A less extreme perspective on Curry-Howard would add some conditions on what constitutes an acceptable proof system and, going the other way, what constitutes an acceptable programming language. (It's quite possible to specify proof systems that don't give rise to an obvious notion of computation.) Also, the traditional way of using Curry-Howard to produce a computational system identifies computation with proof normalization, but there are other ways of thinking about computation. Regardless of perspective, the well-behaved proof system/rules are often the most interesting. Certainly from a logical side, but even from the programming side, good meta-theoretical properties of the proof system usually correspond to properties that are good for program comprehension.
1 Traditional discussions of logic tend to dismiss inconsistent logics as completely uninteresting. This is an artifact of proof-irrelevance. Inconsistent logics can still have interesting proof theories! You just can't accept just any proof.

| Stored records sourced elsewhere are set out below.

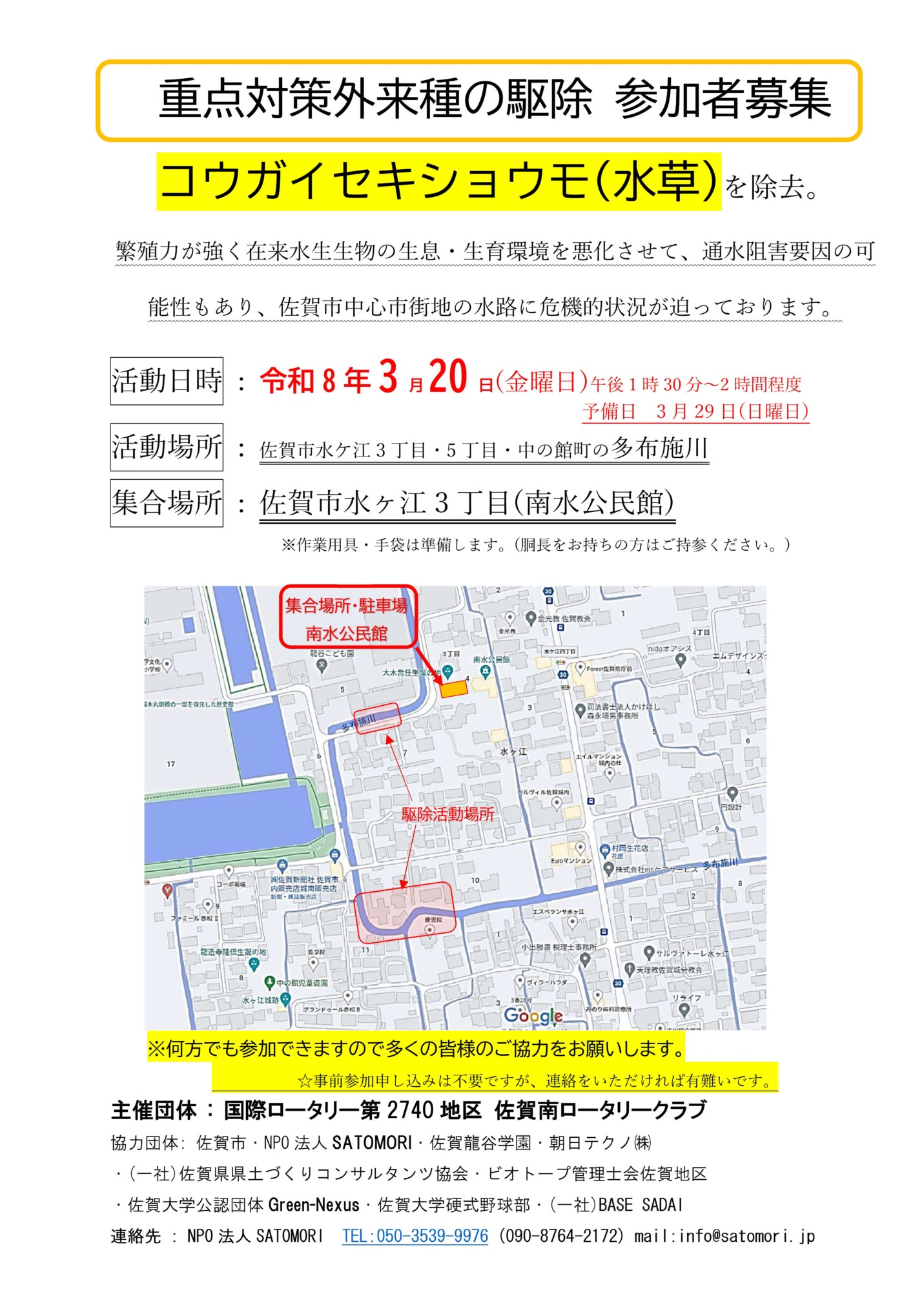 重点対策外来種「コウガイセキショウモ」駆除活動20260320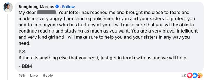 President Ferdinand Marcos Jr. has responded to an 11-year-old girl who asked for his help amidst her and her family's experiences of alleged abuse and harassment by a local barangay official, his sons, and a staff member.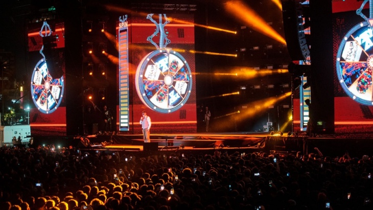 Luego de la gran entrada, Ysy A señaló a las pantallas y dejó en manos del “azar” el resto del repertorio con una ruleta que rotaba entre sus cuatro discos: “Antezana 247”, “Hecho A Mano”, “Mordiendo el bozal” y “Trap de Verdad”.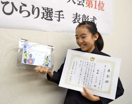 10月に静岡県掛川市であった全国大会「第5回ゴールデンエイジカップアーチェリー大会」の小学生女子の部で、日吉津小学校6年の有田ひらりさん(12)が優勝し、鳥取県日吉津村が26日、好成績をたたえて表彰状を贈った。有田さんは「地域に勇気と喜びを届けられるように、さらに頑張りたい」と決意を新たにした。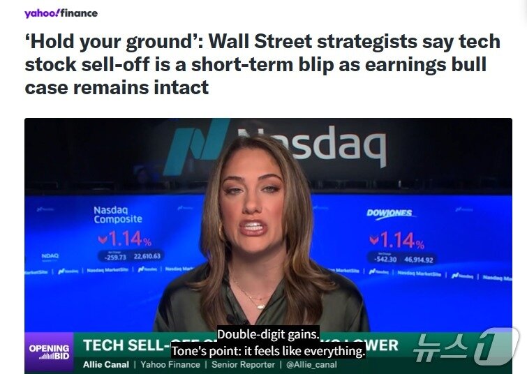 인공지능(AI) 버블 우려로 최근 들어 엔비디아 등 월가의 대표적 AI 주 주가가 약세를 면치 못하고 있지만 AI 주 매도세는 단기간에 그칠 것이라고 미국의 경제 포털 '야후 파이낸스'가 16일(현지 시각) 보도했다.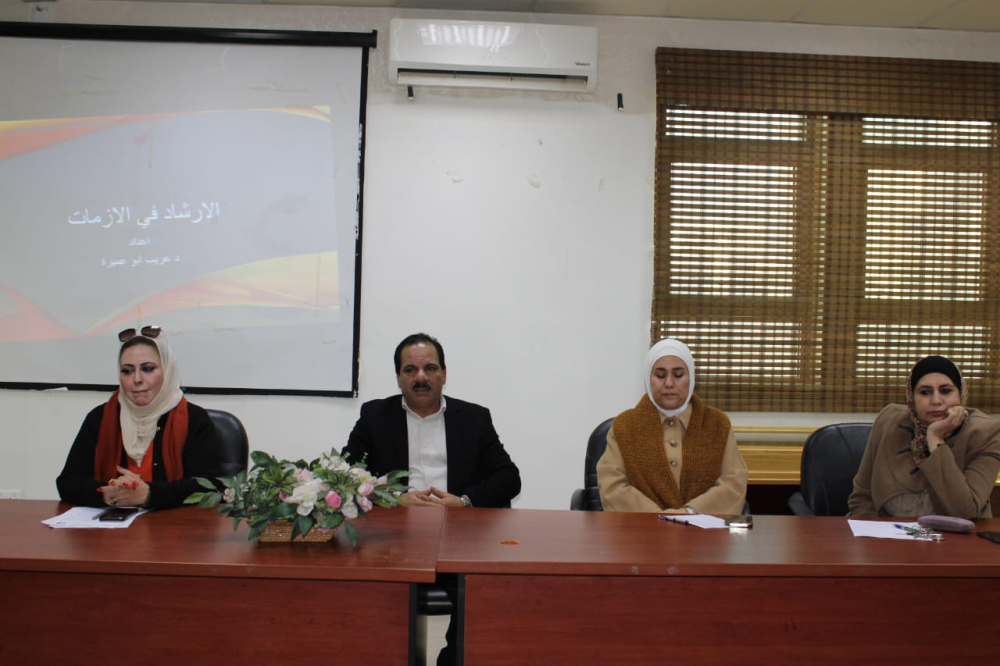 تتضمن المبادرة محاضرة بعنوان (الارشاد في الازمات ) للدكتورة عريب أبوعميرة حيث بدأت المحاضرة بقراءة الفاتحة على أرواح الشهداء في غزة فكلمة لعميد الكلية الأستاذ الدكتور ناجي السعايدة أوضح فيها موقف الأردن الثابت المتمثلة بمواقف جلالة الملك عبدالله الثاني ابن الحسين المعظم منذ بداية العدوان على غزة وجهوده الحثيثة وحراكه المستمر بوقف هذا العدوان الغاشم وأن حل الدولتين هو السبيل الوحيد لحل النزاع الفلسطيني الإسرائيلي، مؤكدا ضرورة انصياع الجانب الإسرائيلي لقرارات الشرعية الدولية، وإعطاء الشعب الفلسطيني حقه المشروع في دولة مستقلة ذات سيادة على حدود الرابع من حزيران1967.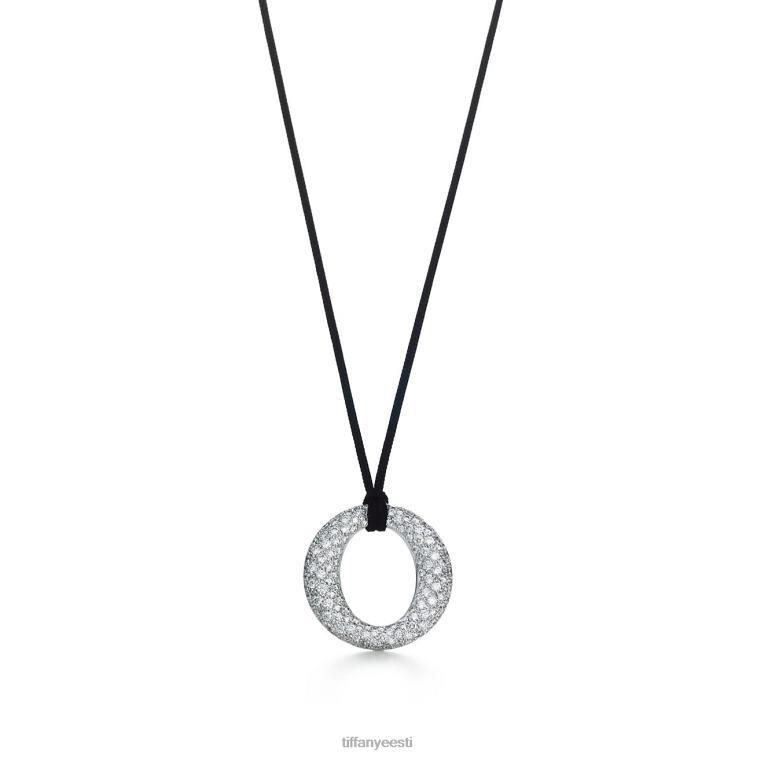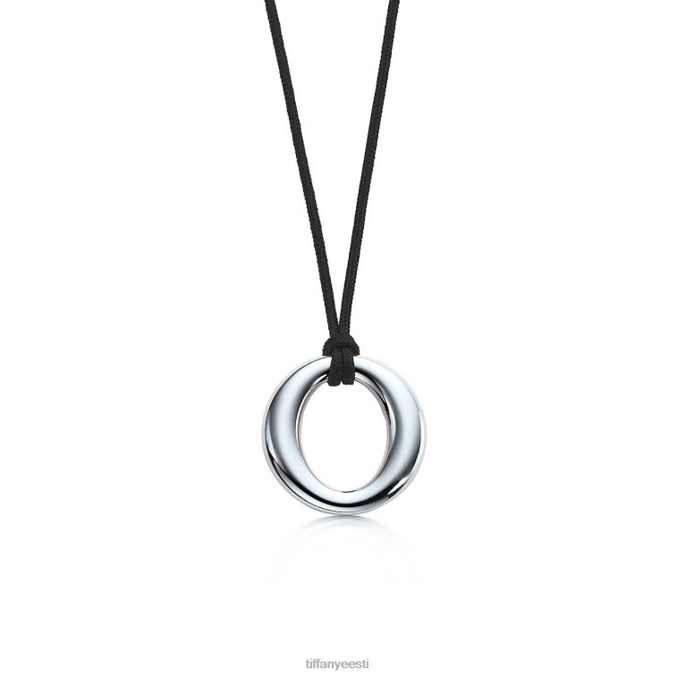 Peretti elliptiline vorm kujutab endast intrigeerivat kuju. hõbedast ripats. keskmine suurus, 18'' mustal siidnööril. originaalkujunduste autoriõigused on elsa peretti.

Of course, it is still reasonable to focus on consistent theories.
2 I don't mean to suggest that Daniel Schepler meant otherwise.
A: As the previous answer already suggested, imperative languages can be seen as less restrictive languages than functional languages. Any language with a strong enough type system allows you to express types corresponding to mathematical propositions. If you restrict yourself to only a subset of the language, you can also end up with a consistent logic. 
Let's look at some examples in C++. An implication $A \to B$ corresponds under the BHK interpretation to a function, or algorithm, from type $A$ to $B$. This can be straightforwardedly expressed with a function
b f(a input) {
    // here you would need to build something of type b only using the input
}

You can also express sum types in C++ with enumerations: 
enum Either { a, b };

A proof of $A \to A \vee B$ is therefore given by the following function
Either f(a input) {
    return (Either input);
}

Of course, you have to limit yourself to a functional style, otherwise you can just prove everything by constructing arbitrary elements.
Note that the suitability for a programming language to be a theorem prover is merely a continuum. Haskell can be considered a theorem prover due to its expressive type system, even though it allows non-termination, which introduces a nasty $\bot$ in the type system.